- Born: Irvine, California
- Notable work: Three Day Rule (founder)

= Talia Goldstein =

American entrepreneur

Talia Goldstein is an American entrepreneur, founder of the matchmaking company Three Day Rule in 2010.

== Biography ==
Talia Goldstein graduated from the Tulane University School of Liberal Arts in 2002.

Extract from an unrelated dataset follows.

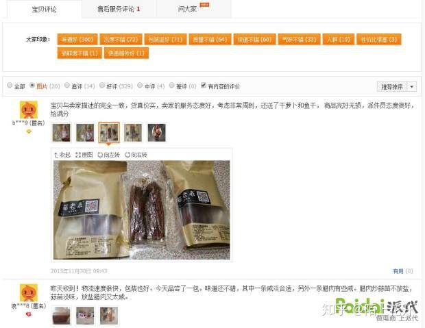 图评和追评在评论中也是相当重要的,因为买家会重点去看,图评和追评里要重点放一些有料的软文和图片,在图评里的图评相当于另一个详情页面,不能P,一定要真实,并根据自己产品的特点上图,比如母婴类目的上小孩拿着产品的图片,食品类上炒好的菜,或者一起开心吃东西的图片,这些非常重要。另外注意有料的评价,有内容评价和没有内容评价比例,要符合真实性,不要让别人一眼就看出是刷出来的,尽量将有料评价配图评放到显眼位置就是了。
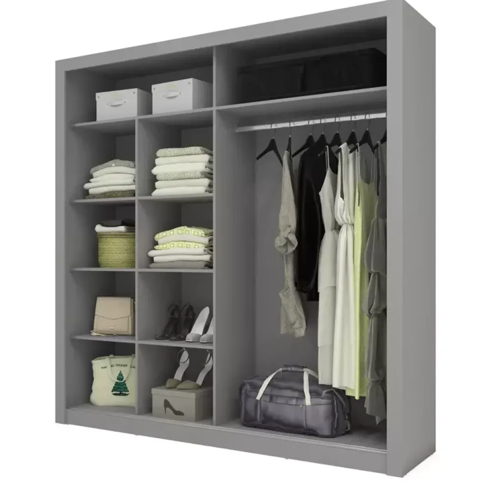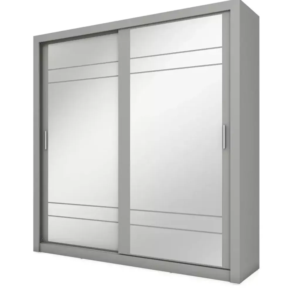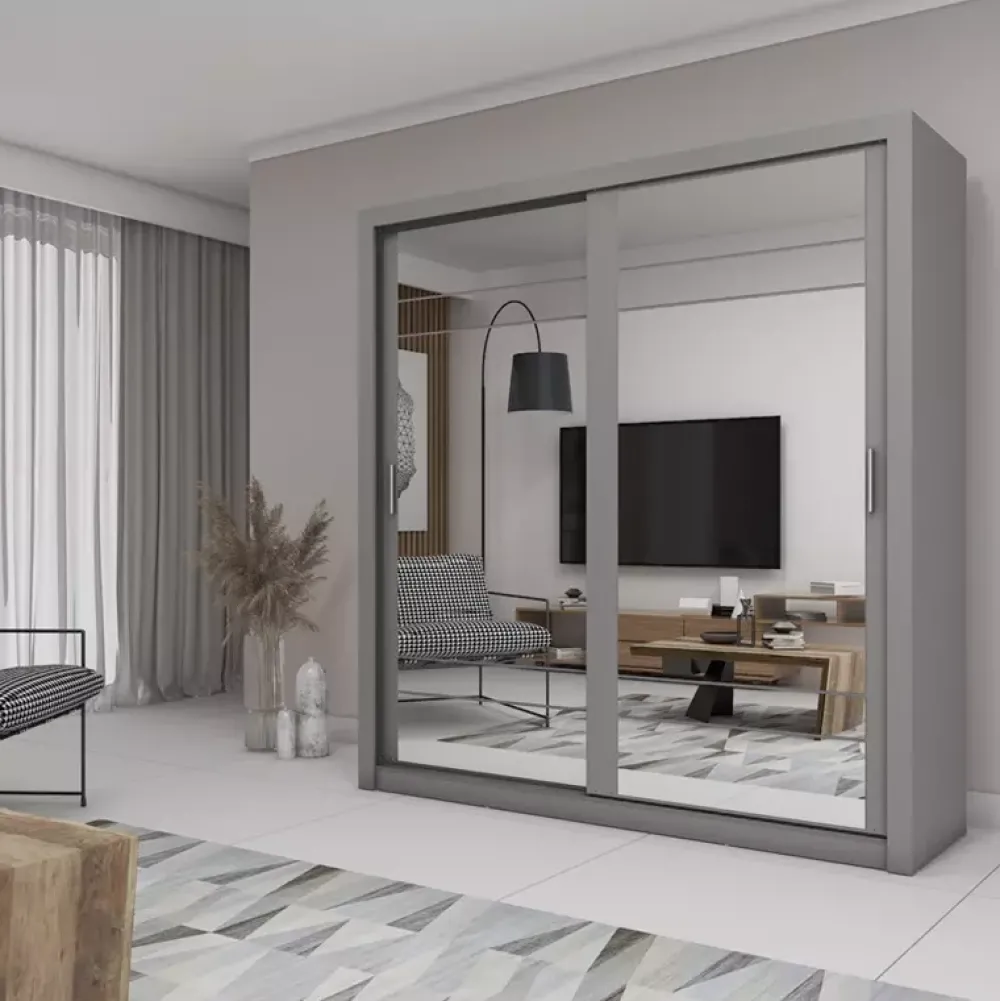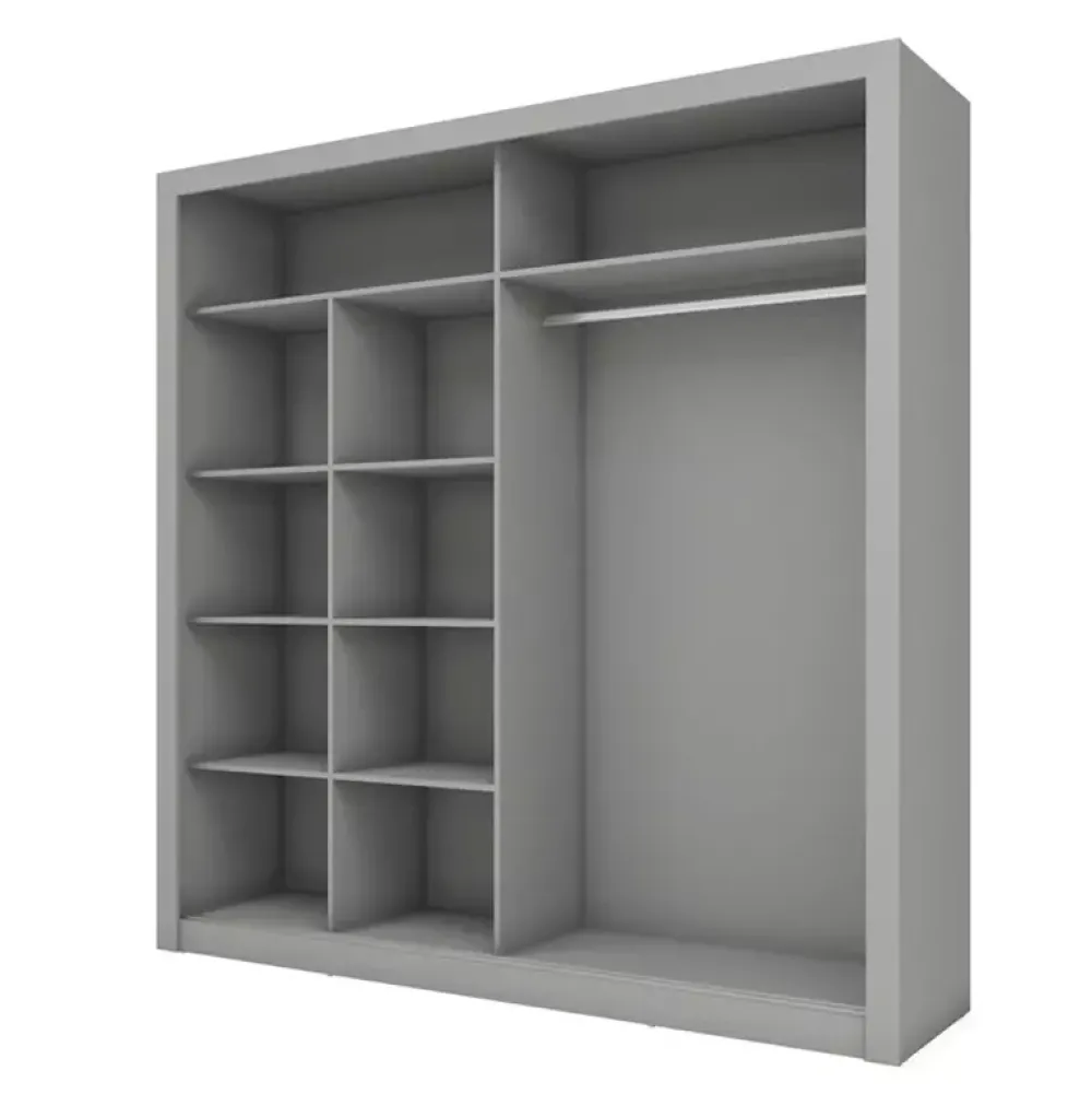 - Szafa przesuwna ARTI została wyposażona w parę drzwi w formie lustra o nowoczesnym kształcie, które optycznie powiększają oraz rozjaśniają pomieszczenie. Wewnątrz szafy znajduje się osiem półek oraz metalowy drążek na wieszaki z ubraniami.

Talia Goldstein was a TV producer at E! Entertainment. She left her job to host dating events for singles. The parties attending her events grew, so in 2013 she founded the tech-enabled matchmaking company Three Day Rule. The name for the company comes from the film Swingers, in which characters waited three days to call a girl after meeting. Three Day Rule is a matchmaking service with offices in Los Angeles, Orange County, San Francisco, Silicon Valley, Chicago, New York City, Boston, Washington, D.C. and Philadelphia. Three Day Rule matchmakers meet with each of their clients and potential matches in person and use facial recognition software to help improve the search. In 2014, Match.com led a $1.25 million investment in Three Day Rule and, in 2016, the company raised $650,000 from the DAN Fund investment group and $550,000 from other individual sources. In 2018, Three Day Rule launched a program with Amazon to provide daily dating advice through Alexa to Amazon Echo owners.

== Personal life ==
Goldstein became pregnant while she was fundraising for the company and felt pressured to hide the information from investors, later publishing on the issue of pregnancy in the workforce in Fortune.